═════ DATA PROVIDED

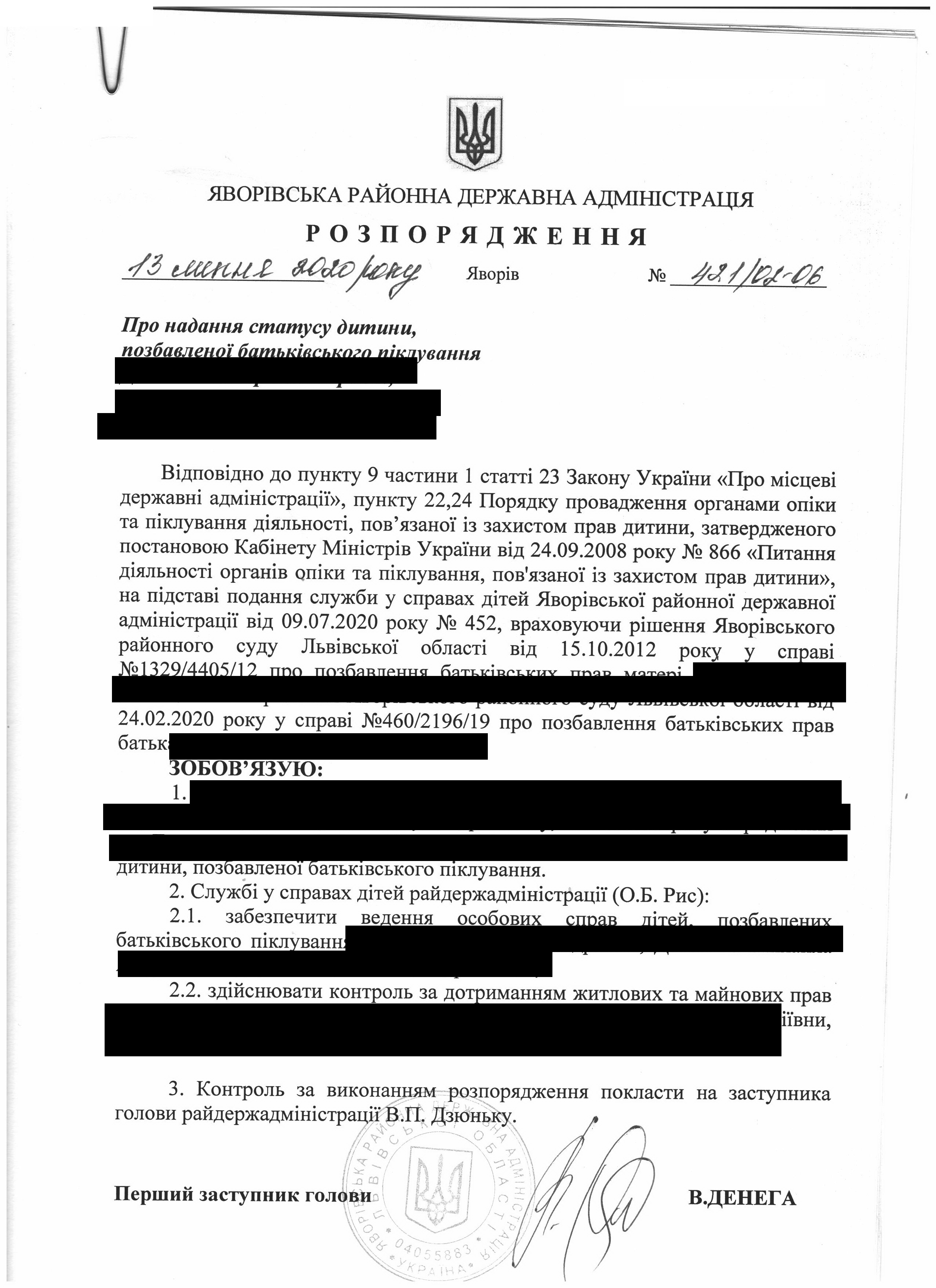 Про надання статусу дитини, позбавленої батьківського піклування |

══════════
═════ DATA PROVIDED

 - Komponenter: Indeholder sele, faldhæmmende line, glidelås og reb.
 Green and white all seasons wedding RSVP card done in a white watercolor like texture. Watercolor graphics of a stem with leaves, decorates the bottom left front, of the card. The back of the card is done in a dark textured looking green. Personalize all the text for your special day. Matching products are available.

══════════
═════ DATA PROVIDED

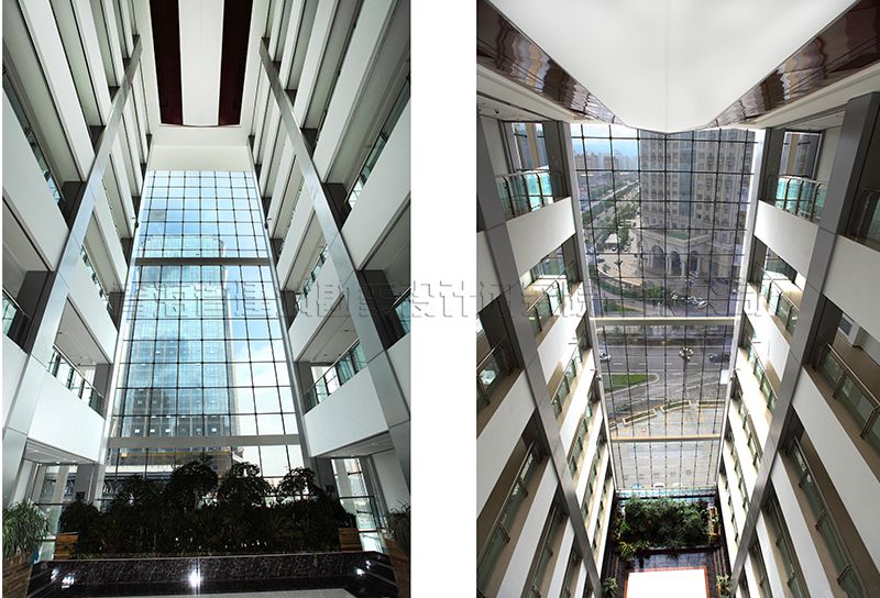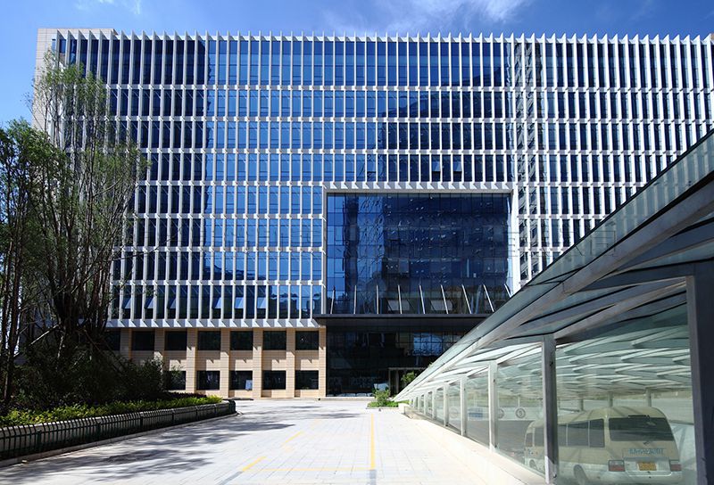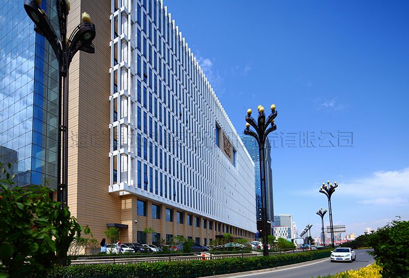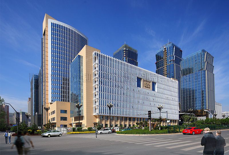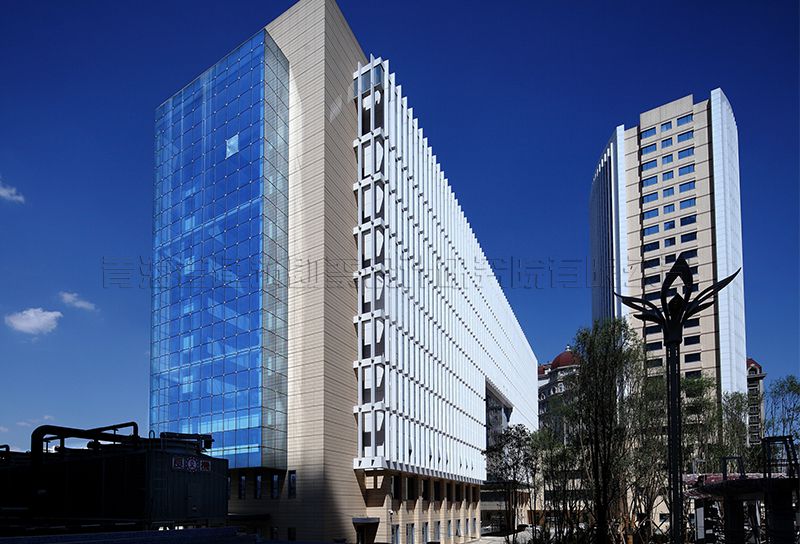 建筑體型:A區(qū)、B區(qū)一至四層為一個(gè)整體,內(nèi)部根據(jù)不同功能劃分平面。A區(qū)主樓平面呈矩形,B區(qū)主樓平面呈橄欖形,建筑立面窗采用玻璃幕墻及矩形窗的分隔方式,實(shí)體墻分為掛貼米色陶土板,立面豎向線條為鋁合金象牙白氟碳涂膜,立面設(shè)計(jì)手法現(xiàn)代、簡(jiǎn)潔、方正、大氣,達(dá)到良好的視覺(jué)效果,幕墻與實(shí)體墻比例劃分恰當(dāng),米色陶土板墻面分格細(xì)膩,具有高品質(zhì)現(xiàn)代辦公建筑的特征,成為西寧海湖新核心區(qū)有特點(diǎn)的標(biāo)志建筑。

══════════

◆ **HOW TO COMPLETE THIS TASK**:
Search the listing above for the lines with "- Komponenter: Indeholder" and "Green and white", then output those lines and all lines between them exactly.

◆ **WRITTEN SOLUTION**:
 - Komponenter: Indeholder sele, faldhæmmende line, glidelås og reb.
 Green and white all seasons wedding RSVP card done in a white watercolor like texture. Watercolor graphics of a stem with leaves, decorates the bottom left front, of the card. The back of the card is done in a dark textured looking green. Personalize all the text for your special day. Matching products are available.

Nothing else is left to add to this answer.